### Description of the task
Nothing but the lines below, from the first through the line containing "白玉质,局部有褐色沁斑,光洁", should be set down, each one exactly and without pictures.

### Data segment

◆ ◆ ◆ ◆ ◆ ◆ ◆

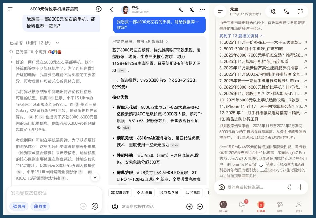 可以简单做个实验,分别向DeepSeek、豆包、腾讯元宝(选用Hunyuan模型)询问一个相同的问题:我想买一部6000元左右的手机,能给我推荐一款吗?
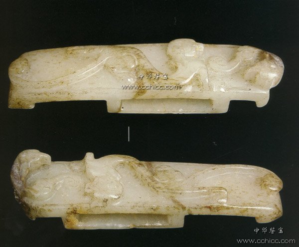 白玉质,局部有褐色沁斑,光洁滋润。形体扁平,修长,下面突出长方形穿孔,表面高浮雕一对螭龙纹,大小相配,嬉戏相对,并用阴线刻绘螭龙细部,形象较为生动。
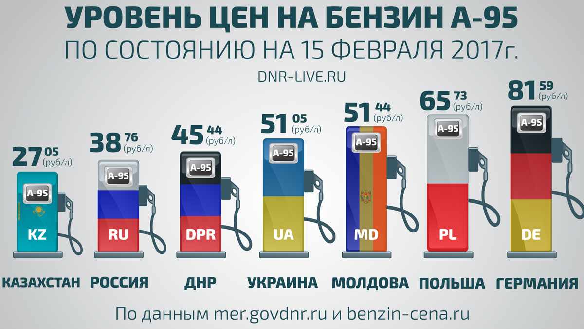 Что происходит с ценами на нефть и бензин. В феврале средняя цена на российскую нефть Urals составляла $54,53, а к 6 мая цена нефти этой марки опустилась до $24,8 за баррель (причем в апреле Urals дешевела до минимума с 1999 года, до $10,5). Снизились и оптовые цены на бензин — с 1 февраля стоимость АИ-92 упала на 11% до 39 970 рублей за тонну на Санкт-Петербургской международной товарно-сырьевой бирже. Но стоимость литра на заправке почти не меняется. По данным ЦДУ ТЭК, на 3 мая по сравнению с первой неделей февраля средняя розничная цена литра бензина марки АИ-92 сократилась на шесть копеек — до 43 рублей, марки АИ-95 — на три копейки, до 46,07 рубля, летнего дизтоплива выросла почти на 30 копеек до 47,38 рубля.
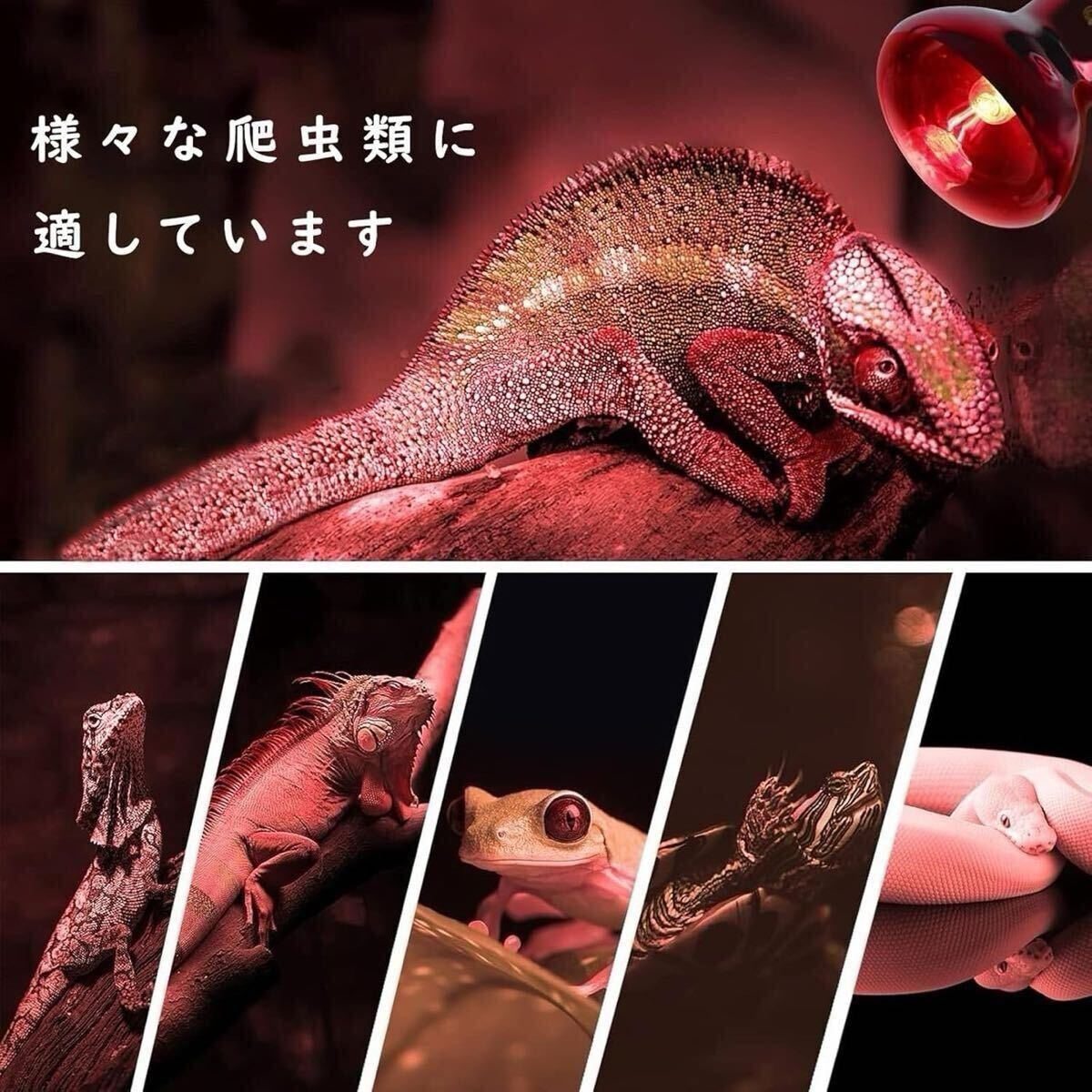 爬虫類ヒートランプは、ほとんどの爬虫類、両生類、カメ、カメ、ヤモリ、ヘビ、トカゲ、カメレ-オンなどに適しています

◆ ◆ ◆ ◆ ◆ ◆ ◆

### Answer to the exercise
 可以简单做个实验,分别向DeepSeek、豆包、腾讯元宝(选用Hunyuan模型)询问一个相同的问题:我想买一部6000元左右的手机,能给我推荐一款吗?
 白玉质,局部有褐色沁斑,光洁滋润。形体扁平,修长,下面突出长方形穿孔,表面高浮雕一对螭龙纹,大小相配,嬉戏相对,并用阴线刻绘螭龙细部,形象较为生动。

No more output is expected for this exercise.